Castillo’s victory – a curious mixture of socioeconomic progressivism and social conservatism – over Keiko Fujimori was produced by just over 44 thousand votes, something that produced a bitter dispute after the scrutiny and which, given recent history, augured strong shocks. Fear is not stupid.
The story of the ephemeral Castillo era cannot be fully told if the blundering judgment of the deposed president – a true makeshift – is not recorded, which included several scandals and having surrounded himself with unpresentable collaborators who came to make Nazi-like statements without flinching. But neither is justice done to the facts if it is not noted that Congress, as in the preceding five-year period, indulged in a frantic attitude of dismissal, which included, until the end, three vacancy motions for “permanent moral incapacity”. a legal device that, by dint of repetitions, is already becoming the new way of carrying out coups in Peru.

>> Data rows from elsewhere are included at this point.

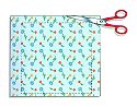 | 1 - Dans ton tissu, découpe un carré de 20cm x 20cm qui te servira de contenant pour ton parfum. |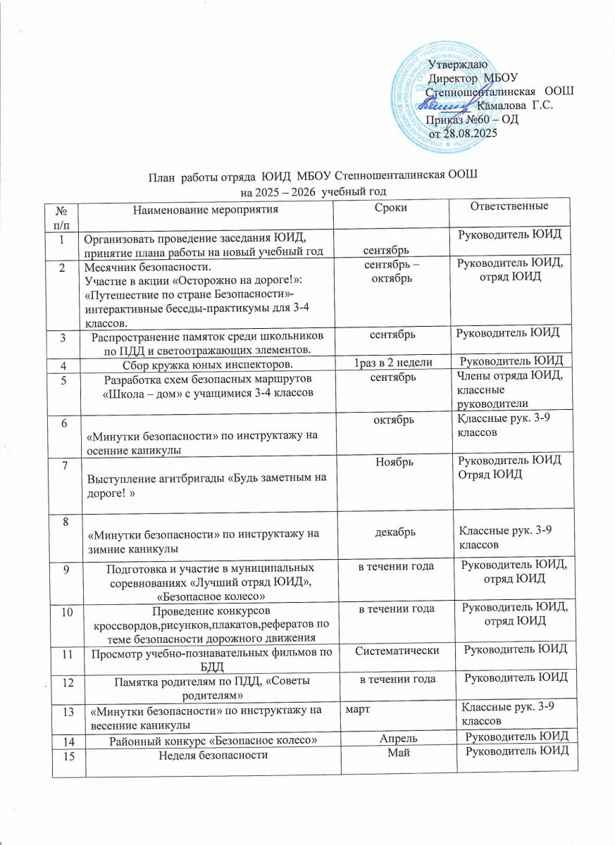 План работы отряда ЮИД на 2025-2026 учебный год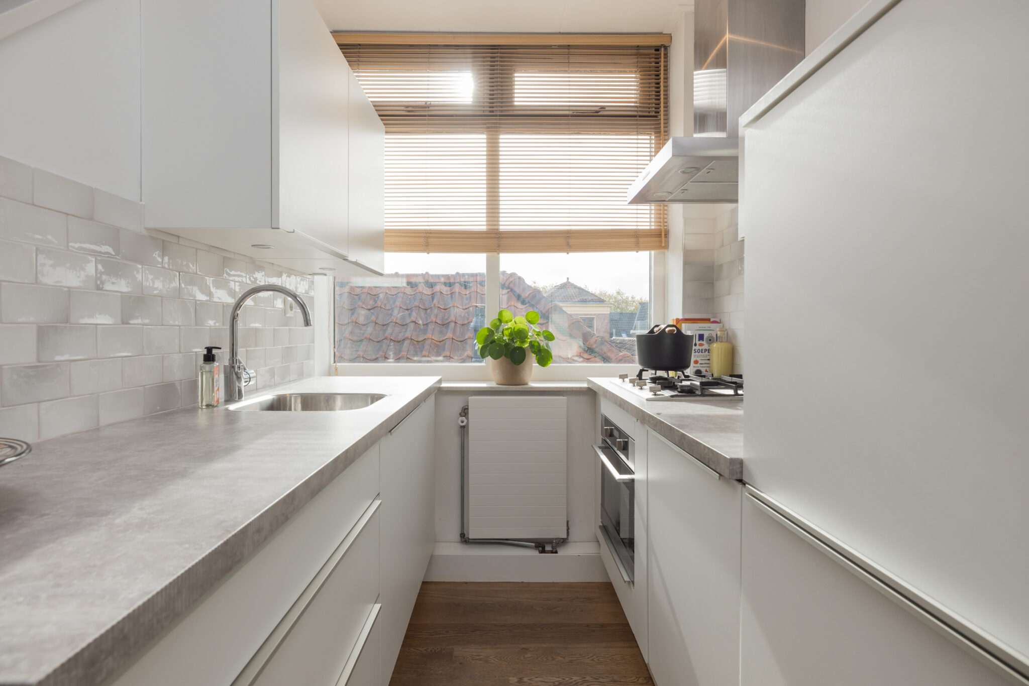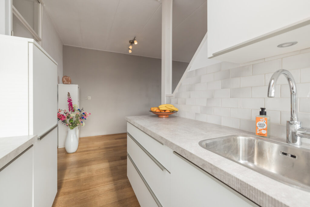 De inloopkeuken sluit daar mooi op aan en is netjes en praktisch ingericht, voorzien van een gaskookplaat, koel-/vriescombinatie en combi-oven/magnetron.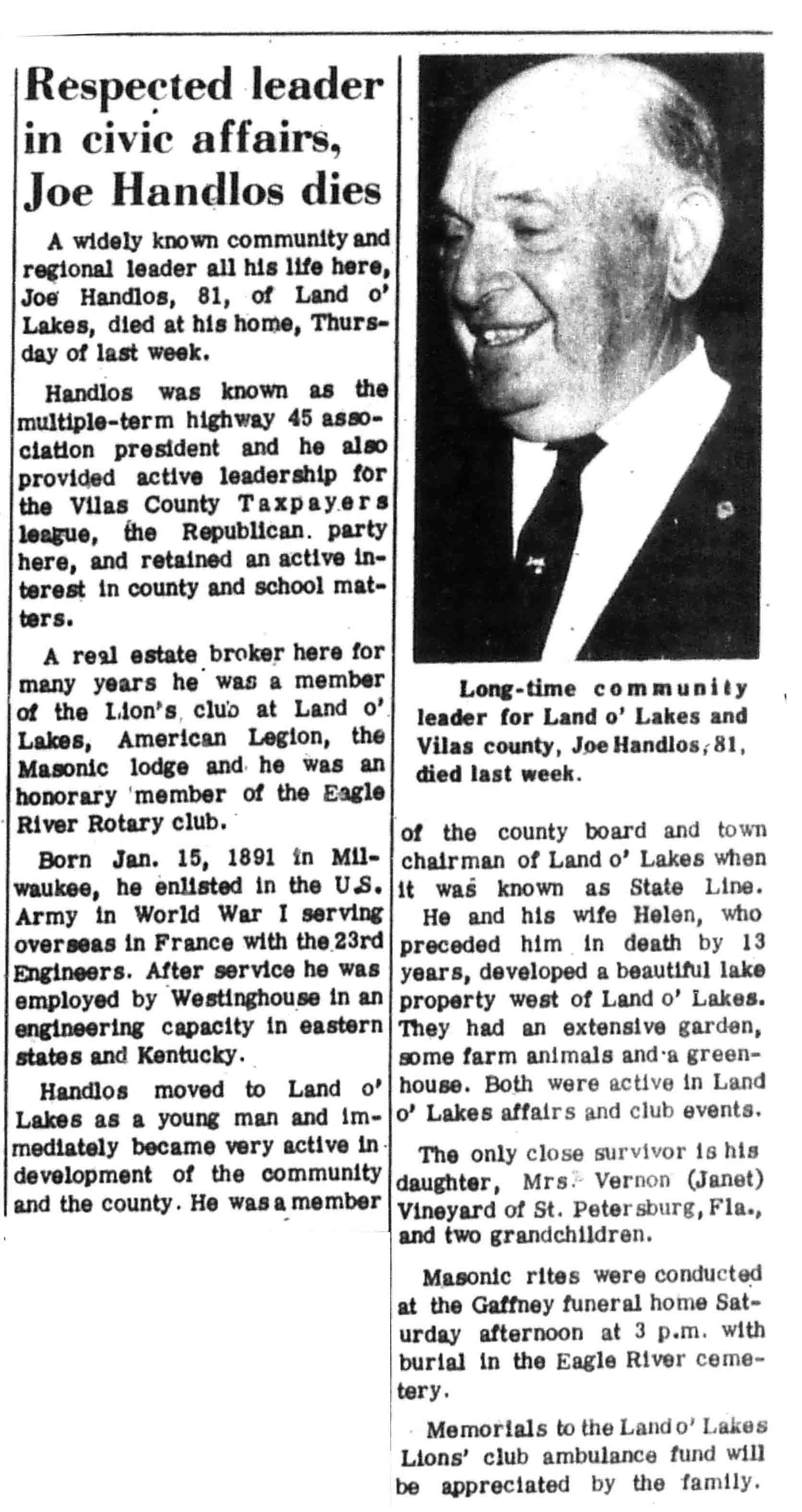 | Handlos | Joe | 15 Jan 1891 | 07 Sep 1972 | VCN | 14 Sep 1972 | 1 |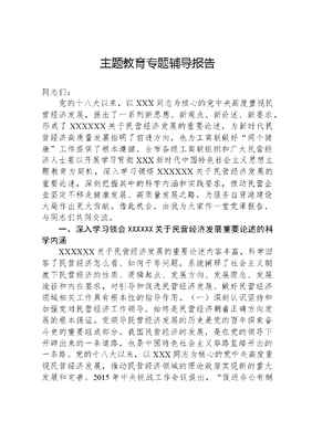 主题教育专题辅导报告同志们:党的十八大以来,以XXX同志为核心的党中央高度重视民营经济发展,提出了一系列新思想、新观点、新论述、新要求,形成了XXXXXX关于民营经济发展的重要论述,为新时代民营经济高质量发展指明了前进方向,也为工商联做好两个健康工作提供了根本遵循。全市各级工商联组织和广大民营经济人士要以开展学习贯彻XXX新时代中国特色社会主义思想主题教育为契机,深入学习领悟XXXXXX关于民营经济发展的重要论述,深刻把握其中的科学内涵和实践要求,推动民营企业坚定不移走健康发展、高质量发展之路,为服务自贸港建设大局作出更大贡献。借此机会,由我为大家作一堂党课报告,与同志们共同交流。一、深入学习领会XXXXXX关于民营经济发展重要论述的科学内涵XXXXXX关于民营经济发展的重要论述内容丰富,科学回答了民营经济怎么看、如何干等问题,系统阐释了社会主义制度下民营经济的性质、逻辑起点、发展方向、发展理念、发展途径和内在要求,对引导和促进民营经济发展、做好民营经济领域相关工作具有根本性的指导作用。(一)深刻认识坚持和加强党对民营经济工作领导,始终是民营经济朝着正确方向发展的根本保证。党领导民营经济发展的历史是党的百年探索奋斗史的重要组成部分。我国民营经济的发展,是在党的领导下开辟出来的一条道路,也是中国特色社会主义筚路蓝缕开出的一条路。党的十八大以来,以XXX同志为核心的党中央高度重视民营经济发展,推动民营经济领域的理论政策实现新的重大发展和完善。2015年中央统战工作会议提出,促进非公有制经济健康发展和非公有制经济人士健康成长是重大经济问题,也是重大政治问题。在2018年民营企业座谈会上指出,非公有制经济,是改革开放以来在党的方针政策指引下发展起来的。党的XX大报告强调要进一步加强非公有制企业党建工作。这充分表明民营经济工作就处在党坚持和加强集中统一领导的重要位置和重点环节,坚持党的领导是民营经济发展壮大的根本前提,是民营经济始终朝着正确方向发展的根本保证。(二)深刻认识坚持两个毫不动摇大政方针,始终是民营经济不断发展壮大的根本保障。改革开放以来,我国民营经济从小到大、从弱到强,不断发展壮大,已经成为中国特色市场经济制度的内在要素和推动发展不可或缺的力量。我市民营经济借改革开放东风和特区政策优势,特别是自贸港建设的重大战略机遇,市场主体数量不断攀升,发展活力不断增强,成为××经济社会发展和自贸港建设的生力军。这些发展成就得益于党对民营经济发展理论的持续探索和对民营经济发展实践的有力支持。党的十六大报告首次提出了两个毫不动摇方针;党的十九大把两个毫不动摇写入新时代坚持和发展中国特色社会主义的基本方略;党的XX大从构建高水平社会主义市场经济体制的高度,强调了坚持两个毫不动摇方针,并首次明确提出发展壮大民营经济。正是因为我们党始终坚持和完善社会主义基本经济制度,坚持两个毫不动摇,才形成了国有企业顶天立地、民营企业铺天盖地的发展态势,创造了中国经济发展的伟大奇迹。实践证明,只有坚定不移坚持两个毫不动摇方针,始终把民营经济当作我国经济制度的内在要素,把民营企业和民营企业家当作我们自己人,才能实现我国经济高质量发展,才能推动自贸港建设行稳致远。(三)深刻认识认真践行新发展理念,始终是实现民营经济高质量发展的必由之路。党的XX大报告明确提出,高质量发展是全面建设社会主义现代化国家的首要任务;市第八次党代会报告也鲜明指出,贯彻新发展理念、推动高质量发展是××自由贸易港建设的根本出路。认真践行新发展理念,也必然是我市民营经济实现高质量发展的必由之路。当前,民营经济发展成本上升较快、基础要素保障不足、风险防范意识不强、融资难融资贵、供给侧结构性矛盾突出等问题较为突显。XXXXXX提出创新、协调、绿色、开放、共享的新发展理念,为解决这些矛盾问题开出了良方,确立了民营经济高质量发展的方法论。民营企业要自觉践行新发展理念,提高自主创新能力,在各自产业优势领域精耕细作、锻长造优、补齐短板,推动互联网、大数据、人工智能和自身发展深度融合,提升核心竞争力。(四)深刻认识两个健康重要论述,始终是非公有制经济领域统战工作的重要指导思想。党的十八大以来,XXXXXX对民营经济健康发展和民营经济人士健康成长提出了一系列新论断,提出非公有制经济要健康发展,前提是非公有制经济人士要健康成长要促进非公有经济健康发展和非公有制经济人士健康成长,深入开展理想信念教育和社会主义核心价值观教育,帮助他们践行新发展理念,弘扬企业家精神,做合格的中国特色社会主义事业建设者。这些重要论述为民营经济高质量发展和民营经济人士高素质成长指明了方向,提供了强大的理论支撑和现实指导。工商联作为党领导下的人民团体和商会组织,承担着促进两个健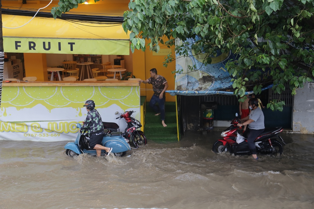 Hoạt động kinh doanh, buôn bán của các hộ dân hai bên đường Nguyễn Hữu Cảnh bị “đóng băng” vì nước ngập phía trước.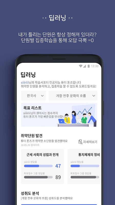 - 내가 틀리는 단원은 항상 정해져 있지 않아요~? 단원별로 어디가 부족한지 인공지능 튜터가 골라주고 반복 학습을 통해 오답률을 낮추는 학습으로 이제 함께 가 보아요!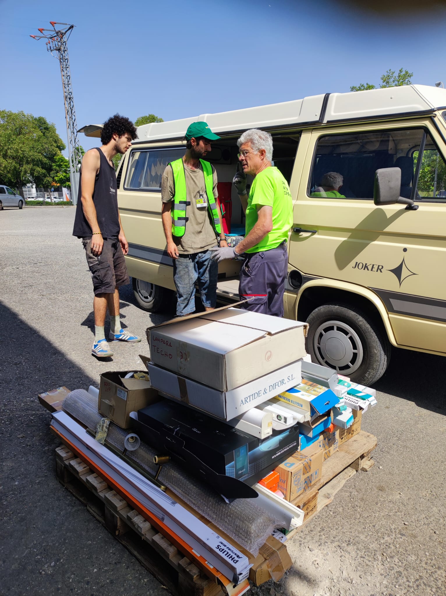 El día 24 de junio de 2024 recogimos una donación procedente de la Asociación Voluntariado El taller, de Pamplona, con los siguientes materiales de electricidad:

Perhaps fed up, perhaps confident in forces that he did not have, Castillo decided before the last motion to become an unexpected Alberto Fujimori, dissolving Congress 30 years after the president of sad memory had done so.
The problem is that it took that path without the necessary legal basis, that is, that Congress had previously censured or denied confidence in two Councils of Ministers. He wanted to carry out a self-coup, he miscalculated the military support and it ended badly. In the end, the third time was the charm.
It will now be up to whoever was his vice president, Dina Boluarte, to do something similar to governing, before the threatening gaze of a fragmented Congress, more unpopular than Castillo – 73% of the population rejects him – and devoted to permanent conspiracy. While millions of Peruvians are still waiting to receive their part of a macro bonanza that never finished taking them into account.
As is already known throughout the region, governing is one thing and having power is quite another. Boluarte, like so many before her, now looks at that bitter apprenticeship.